Her husband, flutist Alejandro Escuer, will be participating in this Friday's concert. What's it like working with someone so close?

— It's wonderful. He's my husband, yes, but regardless of that, Alejandro is a great musician. He's worked hard on expanded techniques and has the flexibility to improvise. When you have a really good performer who understands your music very well, it's a great privilege.

The ballet Diamond Revolution (2023), with which she won the Grammy Award for Best Contemporary Classical Composition, was born in the wake of the feminist protests in Mexico in 2019. Is it the work that consolidated her most committed discourse with social reality?

— I've worked extensively on these themes, although not in all of my work. Music is an abstract language, but that doesn't mean it doesn't express emotions. These emotions are nourished by your life experiences and fuel creativity. I had already worked with the poet Mónica Sánchez Escuer, my husband's sister, on the femicides on the border between Ciudad Juárez and El Paso, but I wanted to delve much deeper. The opportunity arose to perform a ballet with the Los Angeles Philharmonic and Gustavo Dudamel, and my brother, Rubén, suggested that the ballet's dramaturgy be about the Brillantina Revolution. This is what the revolt following the rape of a girl by police, a case that went unpunished, was called in Mexico. It was in 2019, and feminist groups took to the streets and reacted very violently. I understand them, because I have a 28-year-old daughter. If something like that happened to her, I don't know what I would do. Perhaps I would also express my despair because being in that position seems terrible to me. Juan Villoro, the writer, told me that in order to develop the dramaturgy of the ballet, he should speak with Cristina Rivera Garza, the writer who won the Pulitzer Prize [with Liliana's invincible summer, which explains the unsolved femicide of her sister in 1990 while she was studying architecture in Mexico]. And the ballet is this, an exploration of the different types of violence against women.

What is your best memory related to music?

— I grew up listening to folk music because my parents founded the group Los Folkloristas, whose goal at the time was to promote Latin American music, especially that of Mexico.
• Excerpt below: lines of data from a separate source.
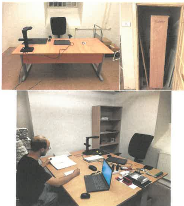
A beszerzett eszközök kicsomagolása (fent) és a berendezett kutatóterem és levéltáros munkaállomása a mosonmagyaróvári telephelyen

A Széchenyi István Egyetem mosonmagyaróvári telephelyén működő levéltár a Mezőgazdaság- és Élelmiszertudományi Kar (2022. augusztus 1-től Albert Kázmér Mosonmagyaróvári Kar) és elődintézményei iratanyagát őrzi. A támogatási időszak alatt sikerült a levéltár raktárához közel egy 15 m 2 -es alapterületű helységet megszerezni és a támogatás lehetővé tette, hogy kutató- és ügyfélszolgálat ellátására alkalmas szolgálatóteret alakítsunk ki benne. A támogatásból beszerzett íróasztal, irodai szék, rendezvényasztalként és iratrendezésre is használható összecsukható asztal és könyvespolc került itt elhelyezésre.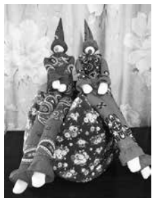
バンドナ1枚から生まれたピエロ

孤軍奮闘して作品を作り上げた満足感でみんな笑顔になりました。「やればできる」という自信にも繋がりました。大いにチャレンジ精神を育んでいこうと思います。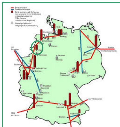
Abb. 2: Standort in Deutschland

Die Raffinerie wurde standortnah zur Verarbeitung des schweren deutschen Rohöls des Emslandes erbaut und 1953 in Betrieb gestellt. Mit dem Anschluss an die NWO-Pipeline 1958 wurde ein weiterer Verarbeitungsstrang für das Importrohöl errichtet.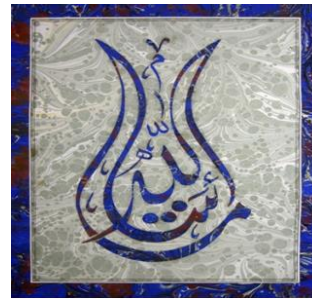
Şekil 1. Mesut Dikel'e Ait akkase ebru çalışması.

Klasik ebru çeşitlerinin sayısı oldukça fazladır. Genellikle bir çok ebruda zemin olarak kullanılan aynı zamanda ilk ebru çeşidi olan battal ebrudur. Onu takiben; gelgit ebrusu, şal ebru, taraklı ebru, hatip ebrusu, hafif ebru, bülbül yuvası, çiçekli ebrular, İspanyol ebrusu, kumlu-kılçıklı ebru, çift ebru, yazılı-akkase ebru, serpmeli ebru, neft ebru çeşitleri gelmektedir (Uzunca, 2012).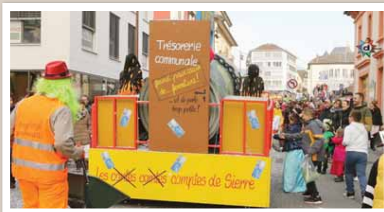
Petites piques sur les comptes de la ville de Sierre pour un char qui n'est pas passé inaperçu... REMO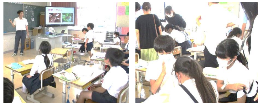
3年理科「こん虫のすみか」 6年算数「どんな計算になるかな」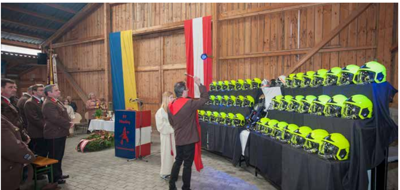
Segnung der neu angekauften Helme und des Akku-Rettungssatzes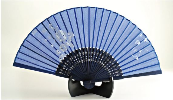
No. 504-542 シルク扇子 朝顔 ブルー サイズ / 22.5x3.2x0.8 コード / 545422 ¥1,200 200/C 10/IN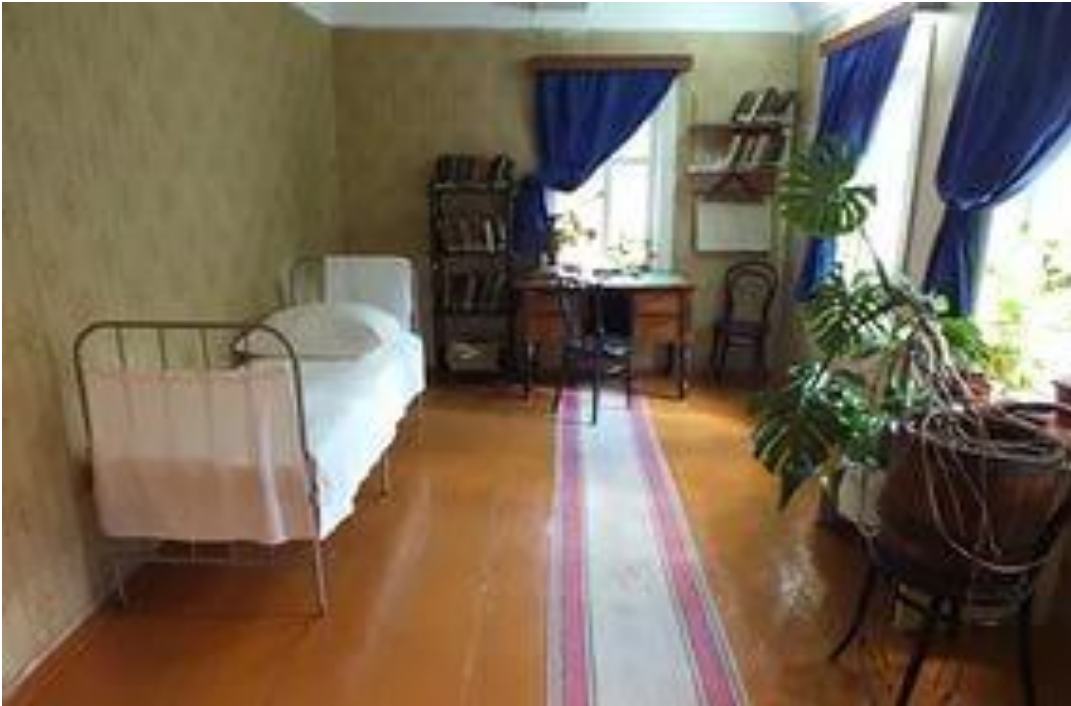
Рис.7 Дом – музей с.Алакаевка. Комната В.И.Ленина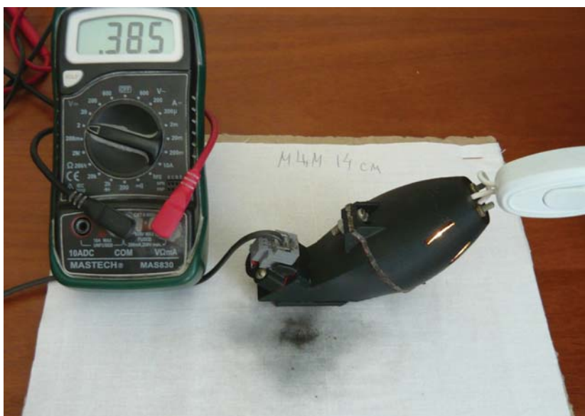
Фотометрирование внешней границы периферийной зоны отложения копоти

Для выявления внешних границ периферийных зон окопчения предварительно определялась средняя интенсивность света, отраженного чистой поверхностью ткани. Границей начала окопчения считались участки отложения копоти, на которых отраженный свет имел максимальную интенсивность, и в то же время доверительный интервал для ее среднего значения отличался с надежностью 95% от доверительного интервала средней интенсивности для чистой поверхности. Для обеспечения одинаковых условий замеров под фрагменты ткани подкладывался лист белой бумаги, что усреднило световой поток, отражаемый подложкой. Процесс фотометрирования показан на рисунке.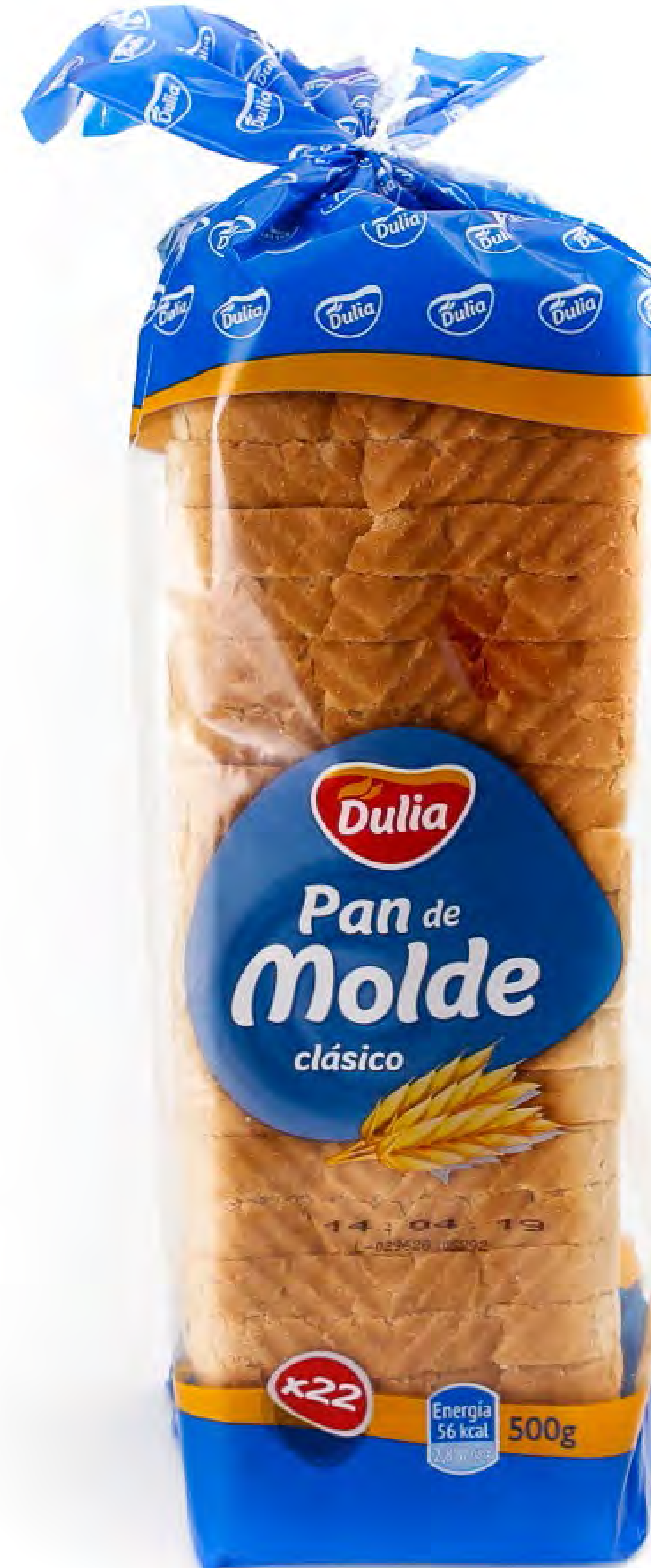
Pan de Molde 500g. x 7 uds/caja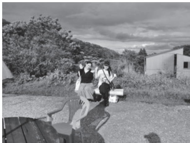
【神津牧場で名物ソフトクリームを堪能する学生】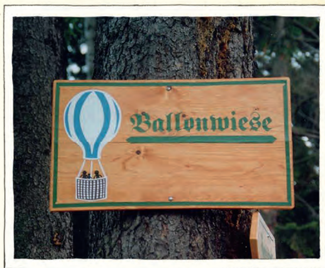
Un indicator din Bavaria care marchează locul în care a aterizat balonul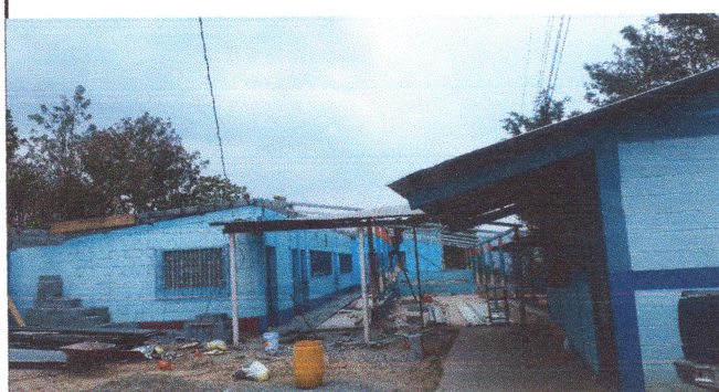
Foto: 6 Reparación de Sistema eléctrico

Observación: Si es necesario se pueden agregar hojas adicionales y actualizar el número de hojas.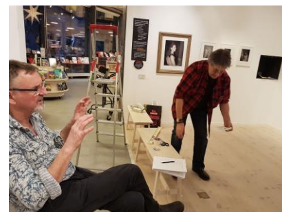
Bild tagen vid utställningens hängning.

Flera medlemmar har tagit del av utställningen genom fönstret under den stängda perioden. Vi kan glädjas över att vi skall få tillfälle att se utställningen i konstkuben återigen i sommar. (Om pandemin tillåter.)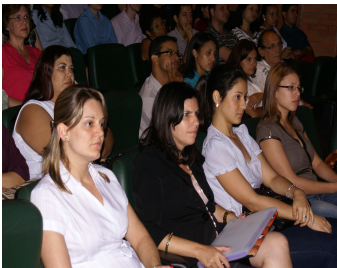
Servidores e estudantes assistem às palestras em Araraquara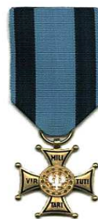
La Croix d'Or Virtumilitari

La Croix d'Or Virtutimilitari en latin « pour le courage militaire » est la plus haute décoration militaire polonaise. Elle récompense la bravoure face à l'ennemi. Elle fut créée le 22 juin 1792 par le roi de Pologne, Stanislas Auguste Poniatowski.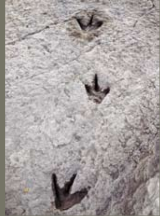
HUELLAS FOSILES DE DINOSAURIO. COMARCA DE LA RIOJA BAJA (VALLE DEL CIDACOS). LA RIOJA.

En la actualidad, existen entre 500 y 600 géneros conocidos y hay quien asegura que puede haber desde cinco hasta veinte o treinta veces más. En España también existen yacimientos de dinosaurios de gran valor. José Luis Sanz está al frente del de Las Hoyas, en Cuenca. Este humedal de hace 130 millones de años es uno de los más importantes para conocer el hábitat de los dinosaurios. Hace dos años apareció otro yacimiento en la zona, Lo Hueco, en el que se encontraron alrededor de 8.000 restos fósiles de dinosaurios en tan sólo cuatro meses. Se proyecta ahora un gran museo en Cuenca que abrirá sus puertas en pocos años.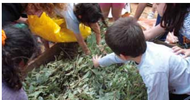
מלמדים לשמירת איכות הסביבה

סוללות. השנה הורחב מערך איסוף הסוללות והוצבו 40 מתקנים בבתי מרקחת, קופות חולים ומוסדות ציבוריים. זאת, בנוסף למתקנים הקיימים בבתי הספר.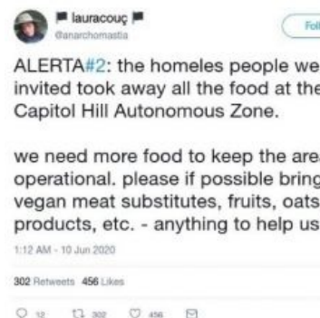
Автономная Зона Капитолийского Холма

18-летняя анархистка-лесбиянка с расовой монобровью, ненавидящая белых, капитализм и цивилизацию, что и основала автономию,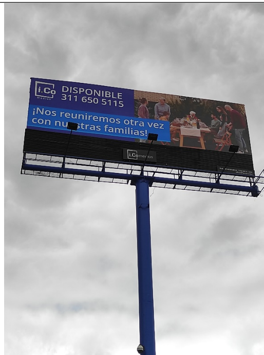
Foto No. 2 – Vista del panel orientación Sur Norte y de la estructura de la valla, en buenas condiciones y estable.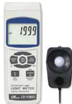
LIGHT METER Model: LX - 1128SD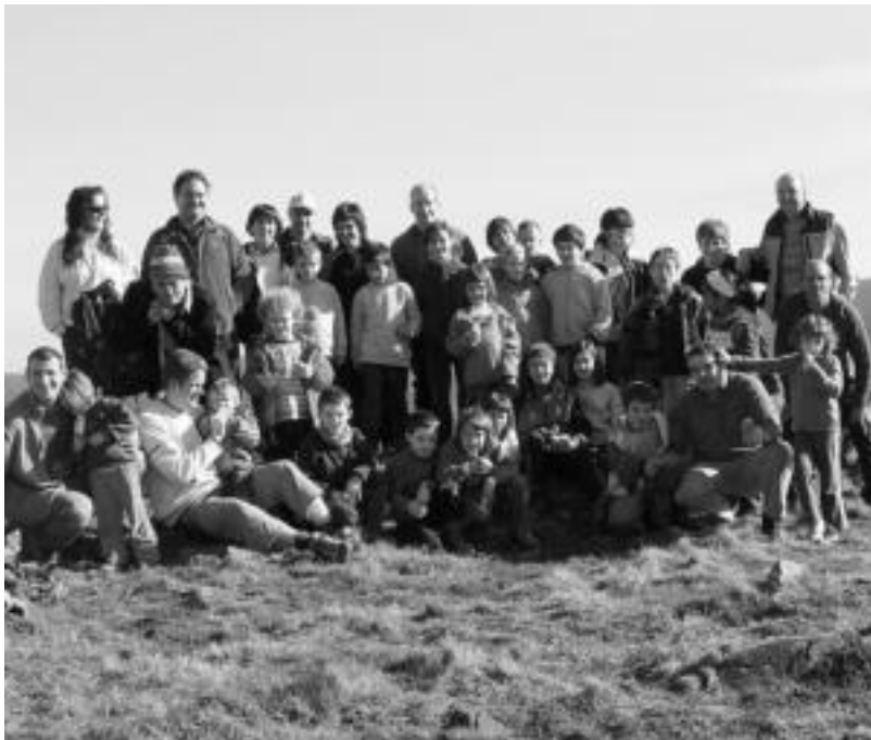
Leitzako Mendibil Mendi Taldeak eta Aurrerak iragan urtean Ipuñiñora antolatutako mendi-irteera. MIKEL ILLARREGI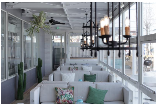
WILD BEACH 仙台(ルームテラス)

東京都新宿、千葉県木更津で、「もっと自由に、優雅に、スタイリッシュに」をコンセプトにアウトドア施設を展開する RECREATIONS 株式会社が、子供たちから若い世代を中心に大好評の「白いビーチ」と「カフェ、バーベキュー、グランピング」の複合施設「WILD BEACH(ワイルドビーチ) 仙台」を東北エリアに初出店いたしました。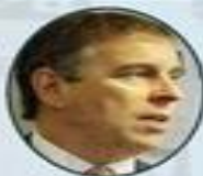
Герцог Йоркский Эдвард (1960 г.р.)

Занимает 4-е место в линии наследования Британского трона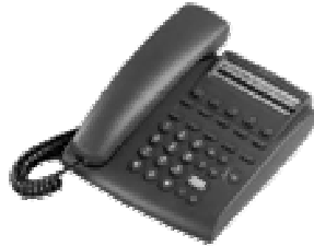
Hoteltelefon mit separater RJ45-Buchse für Modemkabel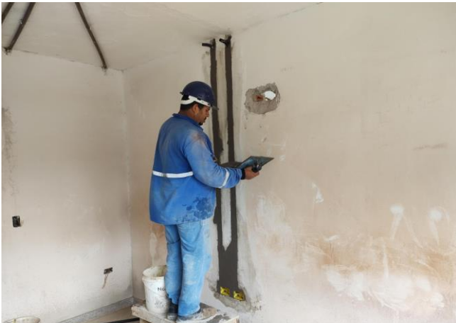
Caixa Retangular 4" X 2" Baixa (0,30 M Do Piso), Pvc, Instalada Em Parede - Fornecimento E Instalação. Af_12/2015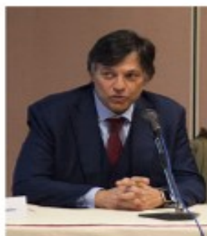
Nicola Sotira Direttore Generale della Fondazione Global Cyber Security e Responsabile del CERT di Poste Italiane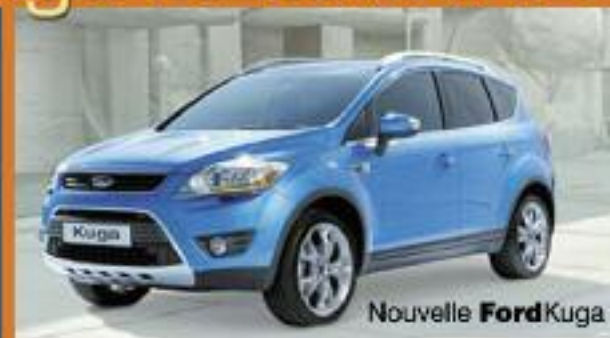
Nouvelle Ford Kuga

Spécialiste Indépendant FORD Spécialiste PEUGEOT - CITROËN Réparation toutes marques Montage pneus + géométrie Vente de véhicules occasions garantis Vente de véhicules neufs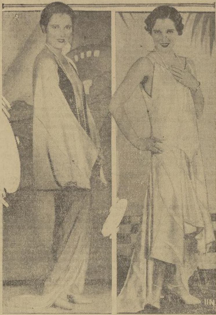
Mientras que por un lado véase marcada tendencia a dejar a un lado "todo estorbo", tal como mangas, etc., por el otro parece ir ganando terreno la idea de añadir al lujo con una cantidad considerable de tela.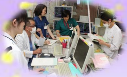
心臓血管外科カンファレンス 週一回、医師と情報共有します

7 西病棟は循環器内科・心臓血管呼吸器外科・形成外科の病棟です。ICU・CCU からの重症な患者さんも多く、目まぐるしい毎日です。そんな中でも「入院したのがこの病棟で良かった」と思ってもらえるような関わりを目標に、スタッフ一丸となり頑張っています。

Therefore, my first encounter with music was through Latin American folklore. But I also remember my uncles listening to The Beatles, and one day my father brought a small record ofAquarium (the song from the musical Hair!); fascinated me, Aquarium, I choreographed and danced... I also have a very fond memory of a symphony concert I went to with my father. It was by the London Symphony Orchestra conducted by Eduardo Mata. They played The three-cornered hat by Manuel de Falla, and it was a revelation for me. It was also in a very beautiful location, an old colonial courtyard in the center of Mexico City.

And any experience you want to forget?

— I've sometimes had very unpleasant experiences, especially when I was young, with my first orchestral works. I don't want to mention the orchestra, obviously, but it happened in Mexico. You're young, they don't take you seriously, they think they're doing you a favor because if it's contemporary music, it'll be horrible... And it often happens that it's played very badly, and the attitude isn't the best. This is very hard for a composer, especially when you're young, because you think the mistake is yours, not theirs, that they're playing badly and don't want to understand what they're playing. I'd like to forget these kinds of experiences. And yes, I did have more than one.

Works by Gabriela Ortiz in the 2025-2026 season concerts at the Palau de la Música

'Exiles': Cosmos Quartet and Alejandro Escuer. Pequeño Palacio. October 24 (7:30 p.m.)

'Angel Woman': Attacca Quartet. Pequeño Palacio. January 23 (7:30 p.m.)

'Liquid borders': Frames Percussion. Petit Palau, January 27 (7:30 p.m.)

'Bird Woman' (world premiere): Chamber Choir of the Palau de la Música. Small Palace. March 21 (7:30 p.m.)

"Serene Patios," "Your Very Key," and "Prelude and Study No. 3." Noelia Rodiles. Pequeño Palacio. March 30 (7:30 p.m.)

'Kauyumari' and 'Alma de Bronce Trumpet Concerto': Vallès Symphony Orchestra and Pacho Flores. Palacio de la Música. April 11 (6:30 p.m.)

'Of String and Wood': María Dueñas and Aleksandr Malofeev. Palace of Music. April 17 (8 p.m.)